History would be a wonderful thing - if it were only true. -Tolstoy


We're in the midst of the busy season here.  When everything gears up for the end of school, the beginning of summer, packing everything and anything into our weeks.  There are doctor and dentist appointments, soccer games and practices, the never ending quasi-school science fair.  There are oodles of outdoor activities.  Stella went to a horse clinic so I'm sure she'll be pushing for those lessons.  I'm looking back longingly at the days we had the plague and HAD to stay home away from all other human beings. 

And since it's near the end of the traditional school year, I'm of course planning out some new school stuff to do with the kids.  We don't really take summers off, though when it gets too hot in our south facing, no air conditioning house we don't do school work.  That's because mom is heat intolerant and can't concentrate so she calls off all work requiring thought of any kind.  The kids never argue for some reason... 

Anyway, we've started working on a history timeline starting with the Big Bang (the actual event, not the show, though we do like and watch the show, it's not really relevant historically.)  I always thought history was BORING as a kid.  Dates this, wars that, blah, blah, snore zzzzzzzzzzzzzzz.  Then as an adult, I realized that it is FASCINATING.  I want my kids to have the fascinating, not the boring.

To start I got out my big timeline book, The History of the World (note, book, not the Mel Brooks movie, again, the movie being less relevant historically.) Well, our book doesn't start until 4000 BCE, so we haven't actually gotten to that yet but this is what I'm going to use to make sure we hit all the big events in the history of our world.  So far, I'm doing it through picture books, historical fiction, documentaries.

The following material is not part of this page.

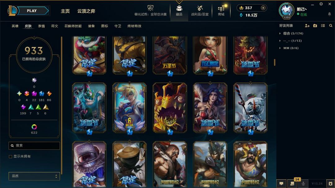 【黑色玫瑰】1600P禁排位乄1000原皮乄663炫彩乄28臻彩乄22神话乄181限定乄王者隐藏分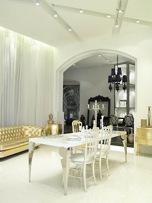 Mode代理了許多高檔家居品牌,充分運(yùn)用了金銀的元素,使得整個(gè)空間頓時(shí)奢華感加分。其中意大利專門生產(chǎn)銀器餐具的Argenteria Sacchi尤為亮眼,款式高貴大方,純銀部份精細(xì)的雕刻令人對(duì)工匠的技術(shù)贊嘆不已。

This website has been a great resource for finding applicable books. 

And, following my organizational pattern, I have a table! Too bad tables don't make blogs sizzle because I have lots of those in my life.  Anyway, here's where we are at:


13-4 billion years BP
Born with a bang : the universe tells our cosmic story : book 1 / by Jennifer Morgan

4600-500 million yrs BP
From lava to life : the universe tells our earth story : book 2 / by Jennifer Morgan

65 million yrs BP-present
Mammals who morph : the universe tells our evolution story : book 3 / by Jennifer Morgan
Queue 1

3.2 million yrs BP
Lucy long ago : uncovering the mystery of where we came from / by Catherine Thimmesh.
Queue 2
Pleistocene era
2.588 million (±5,000) to 12,000 years before present (BP)
11,000 years lost / Peni R. Griffin.

Hunters of North America
4000-3000 BCE

4000-3000 BCE
If Stones Could Speak, Unlocking The Secrets of Stonehenge

4000-3000 BCE
DK Eyewitness Mesopotamia by Philip Steele and John Farndon; The golden bull / Marjorie Cowley (2600BCE)

India (indus)
4000-3000 BCE

4000-3000 BCE

China (Yellow River)
4000-3000 BCE

4000-3000 BCE


Hatshepsut, his majesty, herself / by Catherine M. Andronik (1475BCE)

Then and Now: The Wonders of the Ancient World Brought to Life in Vivid See-Through Reconstructions

I'm thinking we'll be doing a big timeline down the hall where they can put up the events as we read/study them.  I am planning on using this scale so that, well, I don't have to figure it out myself or buy a big, expensive timeline.  Yes, I am both lazy and cheap - or as the Girl Scouts would say, I'm "using resources wisely."  Yes, that does sound better than lazy and cheap, if less fitting.

So far the kids are loving it.  Not sure if it's because of the actual materials or because they get to lie in bed with me at night and be read to for half an hour or so.  Either way, they like it and are learning so I'm calling it a win!

Curriculum junkies note: I know about Story of the World but it's not as exciting as some things I've found, and a bit too Christian at times.  I realize Christianity is part of history, but how it is presented matters to me.  I don't like the story of Abraham or Moses presented as fact and other stories presented as myth.  Even if I was Christian, those stores would still be parables to me, not factual accounts of history.  I don't mind them in the context of a story, it goes to cultural literacy, it just how it is presented that bothers me.  Anyhow, I will be using it some, just not exclusively.  And, I've ordered History Odyssey, The Ancients.  I'll see how that goes and if I'll do subsequent volumes.